June 14th, 2019
Daily Market Commentary
- Canadian Headlines
- Canadian equities finish Thursday’s session little changed, as consumer discretionary stocks outperformed, led by Dollarama, and telecommunications lagged. The S&P/TSX Composite Index rose 0.07% in Toronto. Dollarama rallied on better first quarter same-store results, while Meg Energy staged a late rally after Canadian investor Seymour Schulich initiated a “big new investment” in the company. Canadian borrowers joined a slew of new debt deals from around the globe to raise at least C$17.7 billion ($13.35 billion) this week as issuers including the financing arm of the nation’s housing agency and a cannabis company took advantage of a lull in the global trade war.

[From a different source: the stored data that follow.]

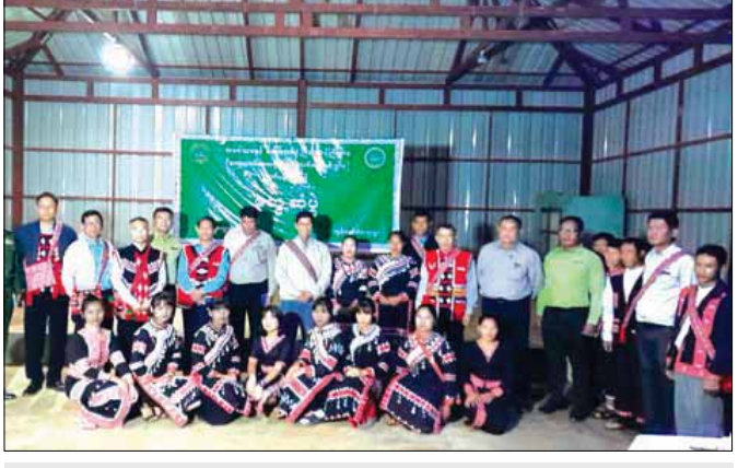
ကျွန်ဟောင်းကျေးရွာတွင် ဒေသခံလားဟူတိုင်းရင်းသားများနှင့် အမှတ်တရ။

လူသုံးကုန်ပစ္စည်းများကိုလည်း မော်ဖဒေသသို့ ပေးပို့ခဲ့သည်။ နတ်လမှ ပေးပို့သော မီးစက်များဖြင့် မက်မန်း၊ ဝိန်းနန်းနှင့် ဆွတ်တိုးတို့သည် ၁၉၉၀ ပြည့်နှစ် မတ် ၂၇ ရက်မှစတင်ကာ မီးလင်းခဲ့သည်။ ဆက်လက်၍ မော်ဖဒေသ၊ နမ့်နန်း၊ ဝမ်စလောင်း၊ တာကော်လေး၊ ရောင်အူတို့ကိုလည်း မီးလင်းသော ရွာများအဖြစ် ဖြစ်လာစေခဲ့သည်။ မော်ဖဒေသ စိုက်ပျိုးရေးလုပ်ငန်းများကို ၁၉၉၀ ပြည့်နှစ်အတွင်း နမ့်နန်းချောင်းတစ်ဝိုက် နေရာ ဖော်ထုတ်ခြင်းနှင့် မော်ဝမ်ရွာ စံပြစိုက်ခင်းတို့ဖြင့် အစပြုခဲ့သည်။ စပါးမျိုး၊ ပြောင်းမျိုး၊ မြေဩဇာ၊ ပိုးသတ်ဆေးများ ပို့ပေးခဲ့၏။ စိုက်ပျိုးရေးရုံး တစ်ရုံး၊ စိုက်ပျိုးရေးစခန်းနှစ်ခု ထားရှိပေးသည်။ လွယ်ပါ-လွယ်ဟိုလာလမ်း၊ တာကော်လေး- မက်မန်းလမ်း၊ ပွိုင့် ၆၀၂၈-ရောင်အော် - ပန်ဆန်း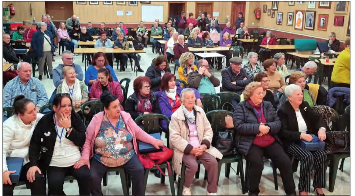
Acto de entrega de trofeos en la tarde del domingo 4 de diciembre.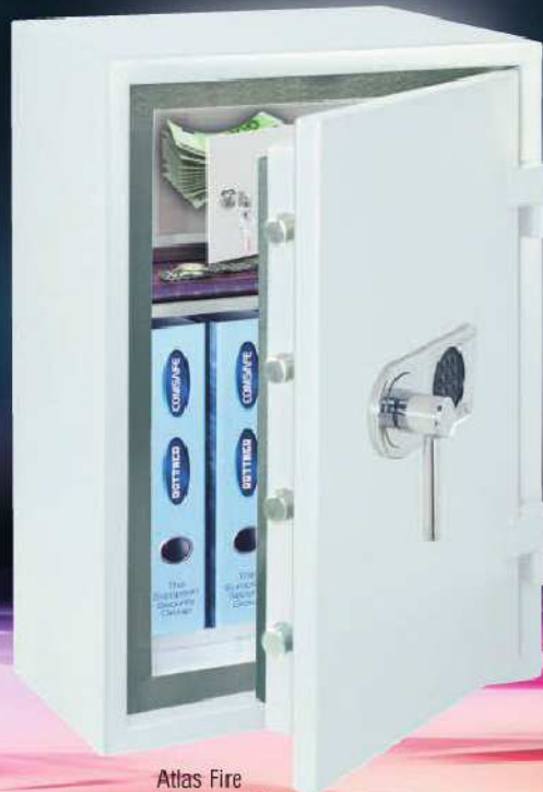
Atlas Fire Premium EL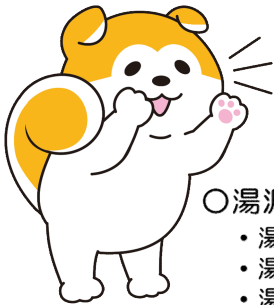
秋田労働局職業安定部 公式キャラクター 「ハローわんくん」

- Canada’s largest alternative asset manager has secured a green loan for commercial towers in Australia, adding to signs that the market for such fundraising in the Asia-Pacific region is catching up with elsewhere in the world. Brookfield Properties, a subsidiary of Brookfield Asset Management Inc., got the A$880 million ($608 million) loan to refinance facilities that were used for the two energy-efficient office towers in Perth in Western Australia. The financing is the largest single-asset green loan syndication completed Down Under. Demand is growing globally for financing that meets environmental, social and governance standards. The Asia-Pacific region has had about $122 million of green loans signed this year, close to half of the $247 million figure globally and already outpacing growth in the Americas.
- Fans across Canada are celebrating the country’s first championship in one of the four major North American sports leagues since 1993. The Toronto Raptors, led by superstar Kawhi Leonard, defeated the Golden State Warriors in six games to claim the team’s first National Basketball Association title. Canada’s most successful sporting year to date was in 1993, when the Montreal Canadiens captured the Stanley Cup while the Toronto Blue Jays won a second straight World Series.
- World Headlines
- European equities fell at the open as semiconductor makers and chip-equipment stocks tumbled after Broadcom Inc. cut its annual forecast on concerns trade tensions between the U.S. and China will wipe out a rebound in orders. The Stoxx Europe 600 Index retreated 0.3%. ASML Holding NV dropped 1.9% and Infineon Technologies AG fell 3.8%. Broadcom cut its 2019 revenue forecast to $22.5 billion, down from the $24.5 billion guidance it had given three months ago. Brent crude fluctuated and so did European oil producers as the tanker attacks in the Middle East that the U.S. blamed on Iran provided only a relatively small boost to prices.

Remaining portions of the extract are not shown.